# REVIEW: 2x2 Cycles Motorcycle Bike Rack



## SWriverstone (Sep 3, 2009)

I've been motorcycling for longer than I've been mountain biking...so it was pretty natural for me to want to find a way to carry a bike on my motorcycle (Suzuki V-Strom 650). I first researched options last year and found the *2x2 Cycles Motorcycle Bike Rack*...which currently seems to be the only commercially sold rack out there.

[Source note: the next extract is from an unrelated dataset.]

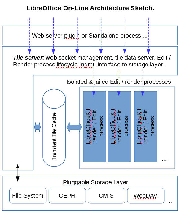 Серверная часть включает в себя два компонента: LibreOfficeKit, используемый в LibreOffice для выполнения вычислений, мозаичной отрисовки и многослойной компоновки документа, и новый серверный компонент Tile Server для организации взаимодействия с браузером, передачи изображений с частями интерфейса, организации кэширования кусочков изображений и работы с хранилищем документов. В зависимости от число подключенных клиентов Tile Server запускает для каждого клиента отдельные экземпляры LibreOfficeKit, которые выполняются в изолированном окружении. Для всех экземпляров LibreOfficeKit используется общий кэш.

The cost of this rack is $308 shipped, so at first I thought I could do better building my own. I first picked up a cheap fork clamp and some 2x4's and tried to jury-rig something (basically bolting the fork clamp to a 2x4, then bolting the 2x4 to my factory motorcycle rack.) That might have worked, but I found it difficult to accommodate bikes of different sizes (e.g. my road bike and mountain bike), so I bagged that.

Then I picked up a Yakima Copperhead mount, which is a basic roof-mounting tray with a fork block at the front. The long tray would accommodate any bike...but then I found it difficult to mount it in a way I trusted (I'm not a welder and didn't feel like learning.)

So in the end, I said "Screw it" and bought one of the 2x2 Cycles racks...good move---I should have done it from the start! :madman:

-----
The 2x2 rack is pretty bombproof and almost over-engineered. The whole thing is made of pretty heavy powder-coated steel, and the thing is heavy. I didn't weigh it, but I'm guessing it's at least 20lbs. The fork clamp is really beefy---far sturdier than any fork clamp I've seen on a Yakima or Thule rack.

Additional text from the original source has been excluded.